_REQUIRED WORK:_
Write out nothing but the lines from the one containing "This bingo card" through the last line below, both included, and without the pictures.

** SUPPLIED DATA follows **

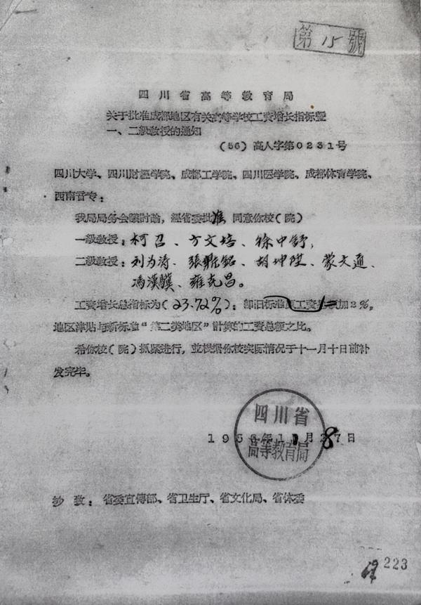 1956年四川省高等教育局的通知(四川大學檔案館藏)
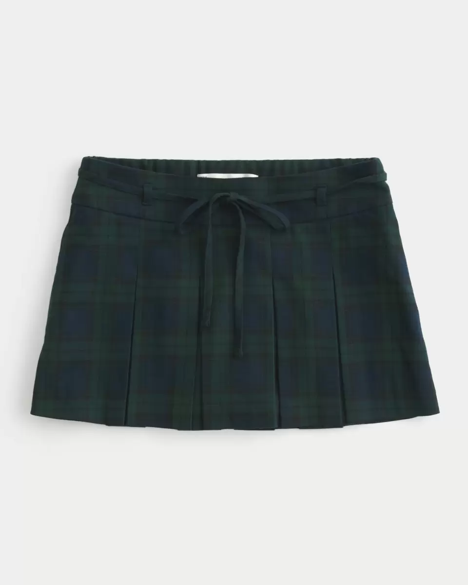 This cute mini skort is designed with a mid-rise waist with tie and classic pleats. Hidden shorts, pockets. Imported.
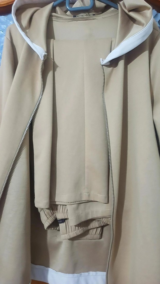 Bej renkli, uzun kesim ve fermuarlı ön kısmı olan takım tunik veya günlük eşofman Strappy kollu ve notched lapel yakalı, minimalist sokak stili tasarım sunar. Günlük kullanıma uygun. çok az tiftiklenmis durumda
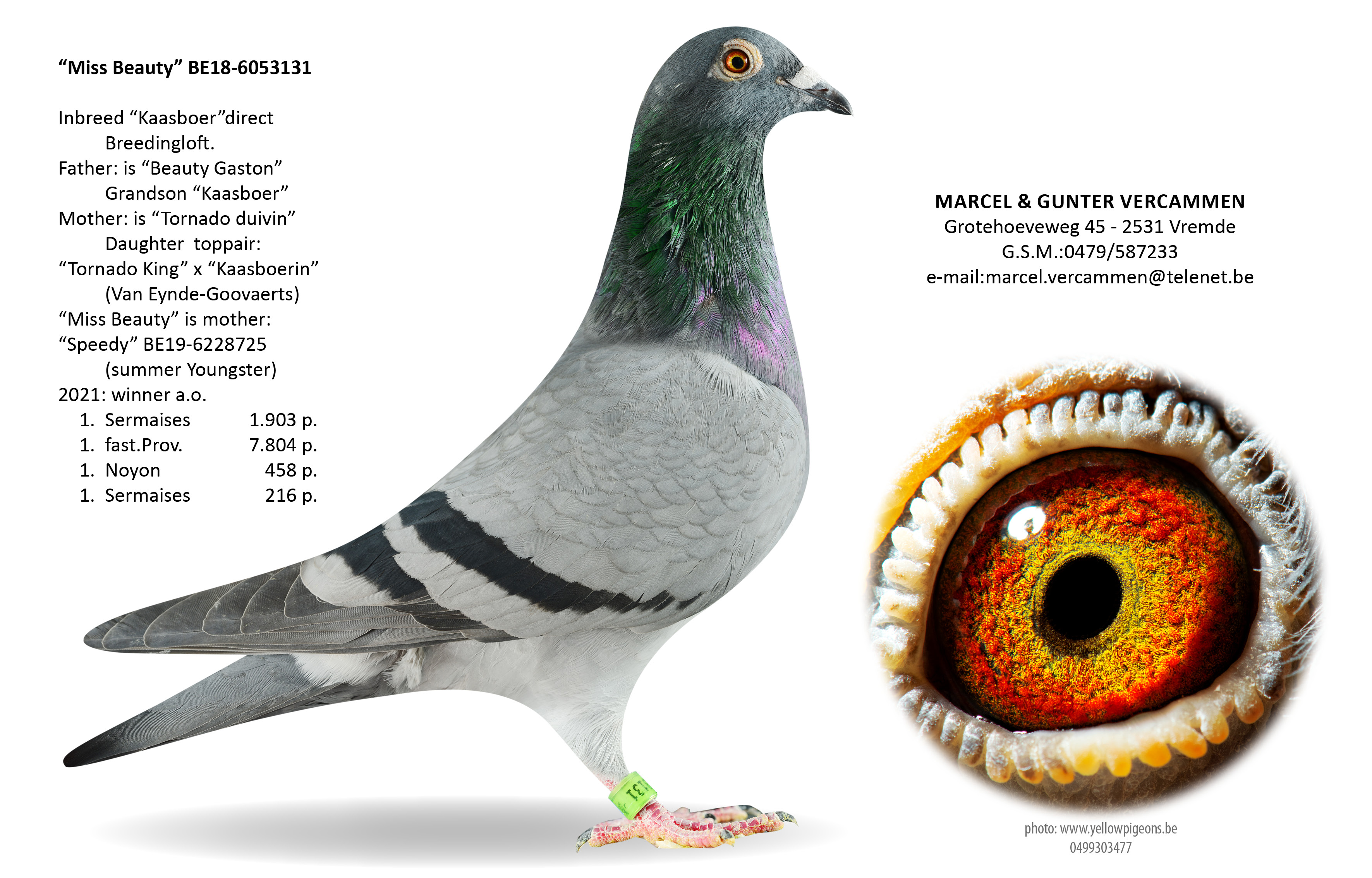 Marcel & Gunter Vercammen uit Vremde - Boechout (Antwerpen) winnen de eerste prijs uit Sermaises op 6/06/21 van 216 oude+jaarse duiven bij de Eendracht Schilde.
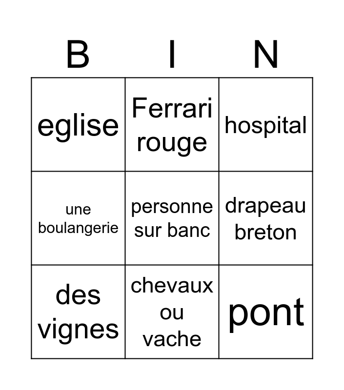 This bingo card has a free space and 8 words: drapeau breton, hospital, Ferrari rouge, des vignes, eglise, pont, une boulangerie and chevaux ou vache.
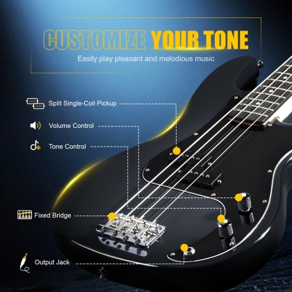 With its split single-coil pickup, 1 volume and 1 tone control knob, this PB-style bass guitar can play anything from blues to rock. Its thicker steel strings and larger string tension provide stable tune, producing better tone display than ordinary guitars.

** End of SUPPLIED DATA **

_REPLY TO THE EXERCISE:_
 This bingo card has a free space and 8 words: drapeau breton, hospital, Ferrari rouge, des vignes, eglise, pont, une boulangerie and chevaux ou vache.
 With its split single-coil pickup, 1 volume and 1 tone control knob, this PB-style bass guitar can play anything from blues to rock. Its thicker steel strings and larger string tension provide stable tune, producing better tone display than ordinary guitars.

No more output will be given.